Supplied data —

=== Begin Enclosure ===

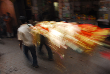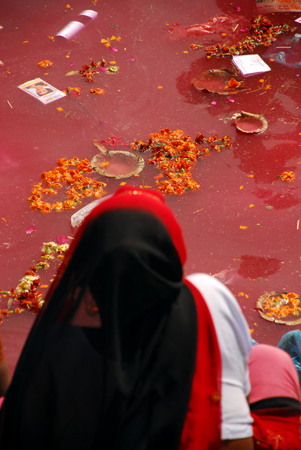 It's fun traveling with Salvatore, because he talks to everyone. As a result, he's been blessed, had his feet washed, been anointed, had mantras said and coconuts broken and has been drawn into ceremonies and offerings - all at a cost, of course. The most aggressive hustlers in India are the priests and holy men who want contributions - not for themselves, you understand, but for the gods. As for me, I refuse to take anything or give anything; all that I’ve seen serves only to confirm my belief that all religion is a collection of silly superstitions. A long time ago, as a young man, I vowed never to kneel to any god. And now, if I could, I'd vow never to take my shoes off to any saint, Hindu or Moslem (if they have saints). But that's where they have you; in India you are always being told to leave your shoes. My feet have been hurting the whole trip from the constant need to remove shoes to go where we want to photograph. Obviously, I need to learn more about the religions practiced here if I am going to fully appreciate what I am seeing; without that understanding, I am left to visceral reactions stemming from the religious prejudices I have brought with me. I’m not sure my photographs will be strong enough to open that door.
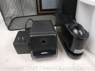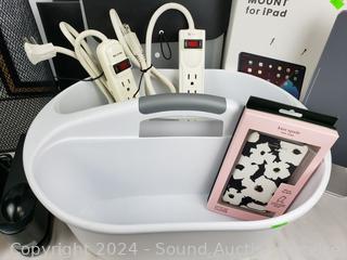 Waste bin, 2 power strips, whiteboard 18" x 22", Kate Spade iPhone X5 Kate Spade case, electric pencil sharpener, file organizers, divided tote, 2 magnetic iPad mounts.
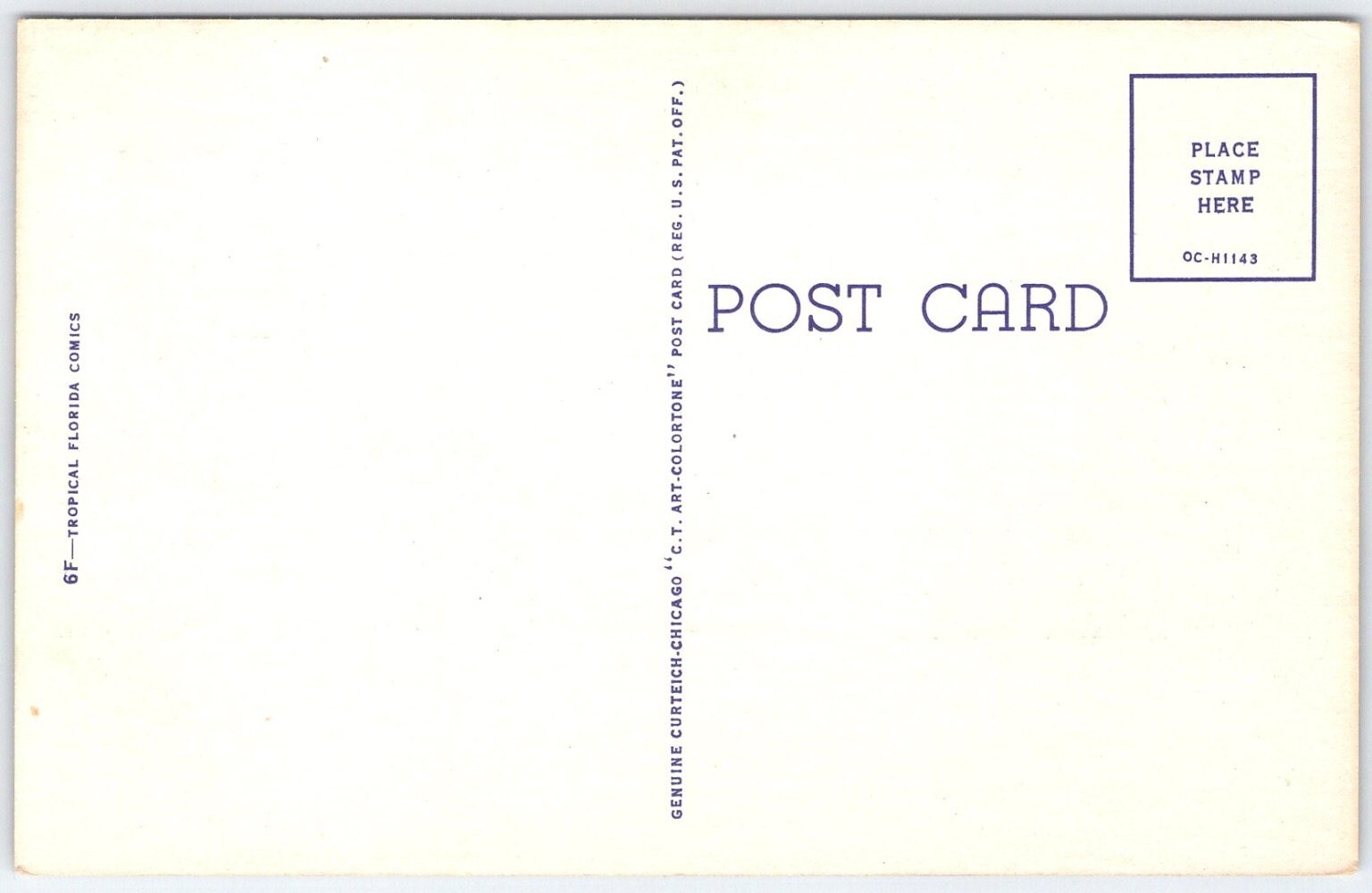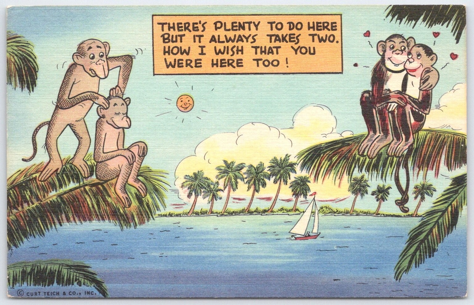This charming vintage postcard features a whimsical cartoon scene of four monkeys on tropical palm trees overlooking a tranquil body of water with a small sailboat. The colorful illustration conveys a playful message: "There's plenty to do here but it always takes two. How I wish that you were here too!". The bright, cheerful colors and detailed line work are typical of Curt Teich & Co.'s iconic Mid-Century postcard art style.Produced by Curt Teich & Co., Inc., a renowned Chicago-based publisher known for high-quality printed postcards, this piece is part of the Tropical Florida Comics series (6F). Printed using the patented C.T. Art-Colortone process, the postcard delivers vivid hues and crisp imagery on standard size paper measuring approximately 5.5 x 3.5 inches. This collectible postcard captures the playful spirit of Florida's tropical ambiance with a humorous twist, making it a delightful addition to any vintage postcard or comic postcard collection.
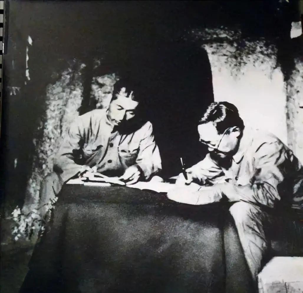 巴金(右)在朝鲜战场进行釆访

=== End Enclosure ===

To do — From the material above, write out exactly the lines from the line with "This charming vintage" through the closing line, inclusive, and no pictures.

Output for this task —
This charming vintage postcard features a whimsical cartoon scene of four monkeys on tropical palm trees overlooking a tranquil body of water with a small sailboat. The colorful illustration conveys a playful message: "There's plenty to do here but it always takes two. How I wish that you were here too!". The bright, cheerful colors and detailed line work are typical of Curt Teich & Co.'s iconic Mid-Century postcard art style.Produced by Curt Teich & Co., Inc., a renowned Chicago-based publisher known for high-quality printed postcards, this piece is part of the Tropical Florida Comics series (6F). Printed using the patented C.T. Art-Colortone process, the postcard delivers vivid hues and crisp imagery on standard size paper measuring approximately 5.5 x 3.5 inches. This collectible postcard captures the playful spirit of Florida's tropical ambiance with a humorous twist, making it a delightful addition to any vintage postcard or comic postcard collection.
 巴金(右)在朝鲜战场进行釆访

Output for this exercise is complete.